__Listed entries__.
____
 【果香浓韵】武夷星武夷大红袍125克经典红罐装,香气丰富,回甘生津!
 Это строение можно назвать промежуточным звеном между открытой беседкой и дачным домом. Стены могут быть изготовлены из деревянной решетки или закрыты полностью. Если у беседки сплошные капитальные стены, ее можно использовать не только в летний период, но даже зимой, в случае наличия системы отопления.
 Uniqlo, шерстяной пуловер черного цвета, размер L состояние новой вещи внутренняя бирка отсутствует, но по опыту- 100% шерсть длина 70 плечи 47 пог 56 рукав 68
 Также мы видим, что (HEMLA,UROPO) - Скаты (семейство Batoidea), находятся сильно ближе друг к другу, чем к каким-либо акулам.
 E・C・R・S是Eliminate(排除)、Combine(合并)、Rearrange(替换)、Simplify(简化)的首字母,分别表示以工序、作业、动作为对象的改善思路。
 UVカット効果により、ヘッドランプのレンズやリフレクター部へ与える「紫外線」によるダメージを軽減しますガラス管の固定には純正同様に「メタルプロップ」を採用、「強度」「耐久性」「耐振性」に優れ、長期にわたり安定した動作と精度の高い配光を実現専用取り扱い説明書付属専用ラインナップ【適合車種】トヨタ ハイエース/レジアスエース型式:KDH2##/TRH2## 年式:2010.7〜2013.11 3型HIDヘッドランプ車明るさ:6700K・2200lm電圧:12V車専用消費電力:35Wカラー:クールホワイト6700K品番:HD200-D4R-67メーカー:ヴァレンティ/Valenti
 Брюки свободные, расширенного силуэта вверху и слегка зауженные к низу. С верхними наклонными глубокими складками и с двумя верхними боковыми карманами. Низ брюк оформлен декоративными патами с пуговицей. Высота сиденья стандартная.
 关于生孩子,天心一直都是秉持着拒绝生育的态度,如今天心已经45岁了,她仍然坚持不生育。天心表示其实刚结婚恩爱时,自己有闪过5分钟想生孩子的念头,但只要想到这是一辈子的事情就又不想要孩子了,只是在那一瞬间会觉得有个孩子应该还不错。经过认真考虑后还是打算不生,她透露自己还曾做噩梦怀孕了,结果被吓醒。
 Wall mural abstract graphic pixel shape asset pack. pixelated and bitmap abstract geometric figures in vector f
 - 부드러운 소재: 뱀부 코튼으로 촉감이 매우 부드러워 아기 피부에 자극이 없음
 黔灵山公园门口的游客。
____
__What to work on__. Nothing past the line containing "Также мы видим, что" should be restated; transcribe the material exactly from its first line through that line.

__Finished exercise__.
 【果香浓韵】武夷星武夷大红袍125克经典红罐装,香气丰富,回甘生津!
 Это строение можно назвать промежуточным звеном между открытой беседкой и дачным домом. Стены могут быть изготовлены из деревянной решетки или закрыты полностью. Если у беседки сплошные капитальные стены, ее можно использовать не только в летний период, но даже зимой, в случае наличия системы отопления.
 Uniqlo, шерстяной пуловер черного цвета, размер L состояние новой вещи внутренняя бирка отсутствует, но по опыту- 100% шерсть длина 70 плечи 47 пог 56 рукав 68
 Также мы видим, что (HEMLA,UROPO) - Скаты (семейство Batoidea), находятся сильно ближе друг к другу, чем к каким-либо акулам.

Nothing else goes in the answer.